Activity, Request, Project Management - why separate?
An Activity, a Request and Project walk into a bar.

 

Sometimes I wish I were an academic.  It must be awesome to sit around and theorize about how the perfect world operates.  I could write books about Nirvana (not the band) and listen to Nirvana (the band)…But let’s GET REAL, I’m @VigilantGuy and vigilance requires actionable improvements today.

 

I have great respect for many in the ITSM industry, but sometimes we get a little too carried away.  We make things more complicated than they need to be, and we fail to deliver some practical useful take aways. (I’m guilty of that as well)

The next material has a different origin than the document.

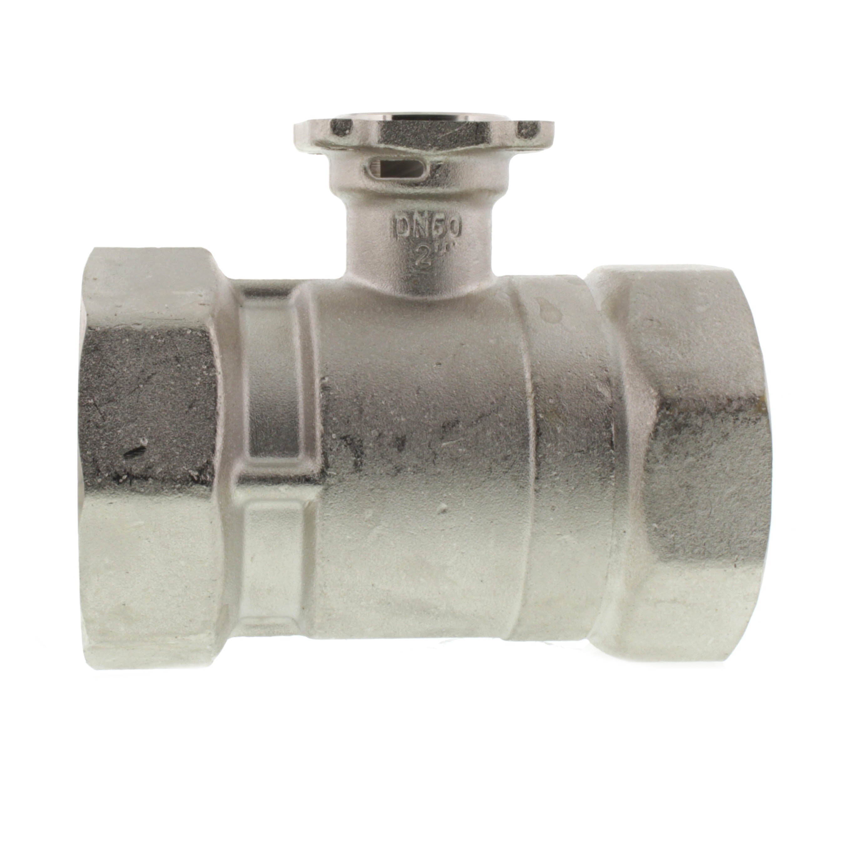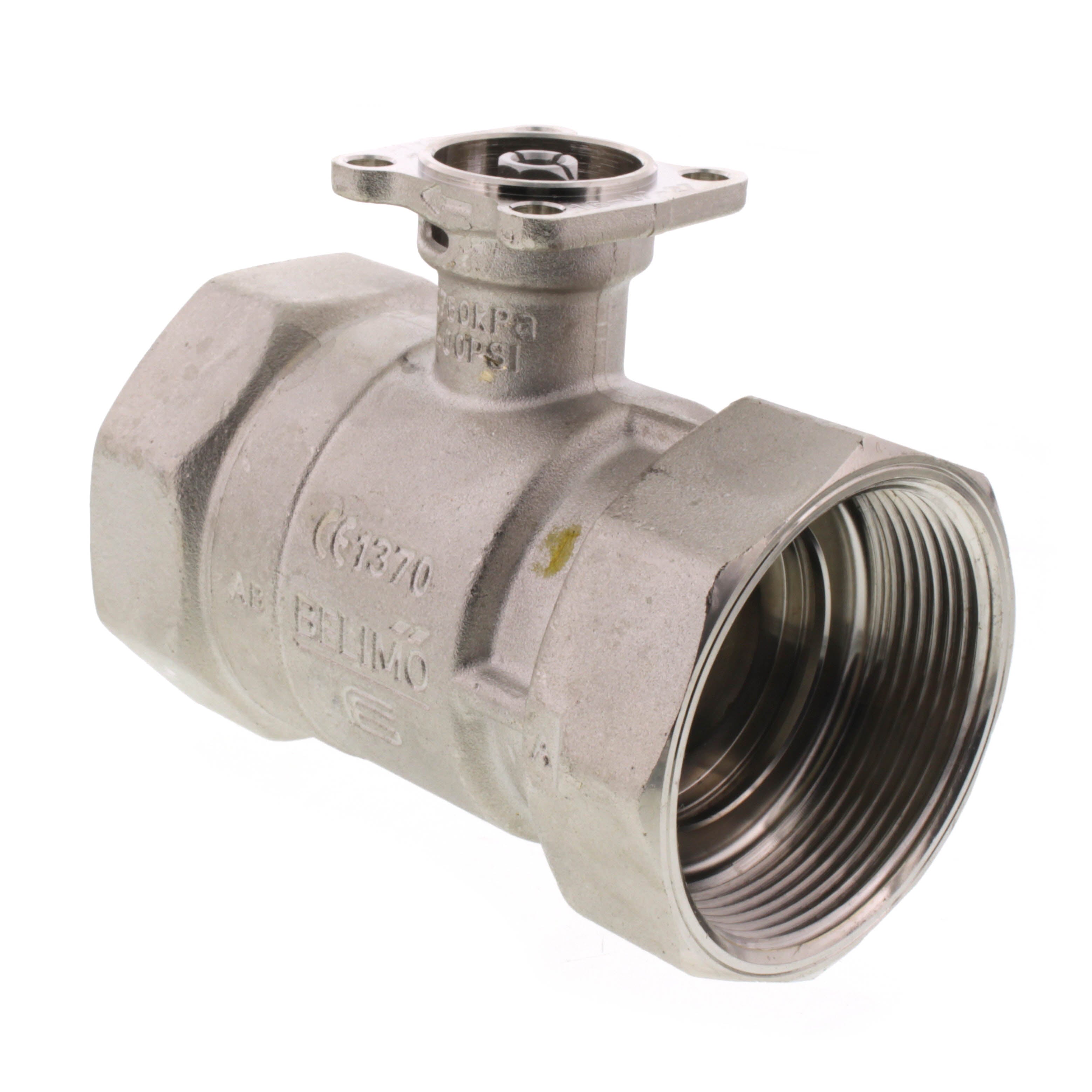 The Belimo B250 is a two-way characterized control valve designed for HVAC applications, specifically for chilled or hot water systems. It has a flow capacity of fifty-seven Cv and features a female threaded connection size of two inches NPT. The body of the valve is made of nickel plated forged brass while the internal components consist of stainless steel for durability. This valve is used often in air handling units and fan coil units, ensuring optimal performance in variable flow hydronic systems.

Stephen Mann (@Stephenmann), analyst, industry insider, and active giver to the ITSM community is one I respect a lot.  I have a book mark to Mr. Mann’s blog (https://community.servicenow.com/community/blogs/blog/2014/05/28/next-generation-it-it-s-about-services-and-service) and I reflect on it quite often.  Simply for one reason:  Are we there yet?

 

Stephen challenges IT professionals in this blog to think beyond being a Service Broker, beyond the walls of IT requests.  I love him for that, but we are just not there yet.

 

So I challenge you with something more pragmatic and a little bit more; fix it today.
Project Management
Your Project Management is atrocious… you know I’m right.
You take 5-10 meetings to determine the project scope, the approval of the project and defining the charter.
You create 20-40 page documents about business justifications, that speak in terms 3 people in your IT organization understand.

You then proceeded to plan out a cadence of project reviews, project status, resource planning, work assignments…

 

STOP right there.  What is the outcome of all this time & money?
Requests, approvals and change releases.
     Requests for new hardware, approval of hardware, release of hardware.
     Requests for new software, approval of software, release of hardware.
     Request for development changes, approvals, releases.
     Request for removal of software, approvals, decommission.
     Request for removal of hardware, approvals, decommission.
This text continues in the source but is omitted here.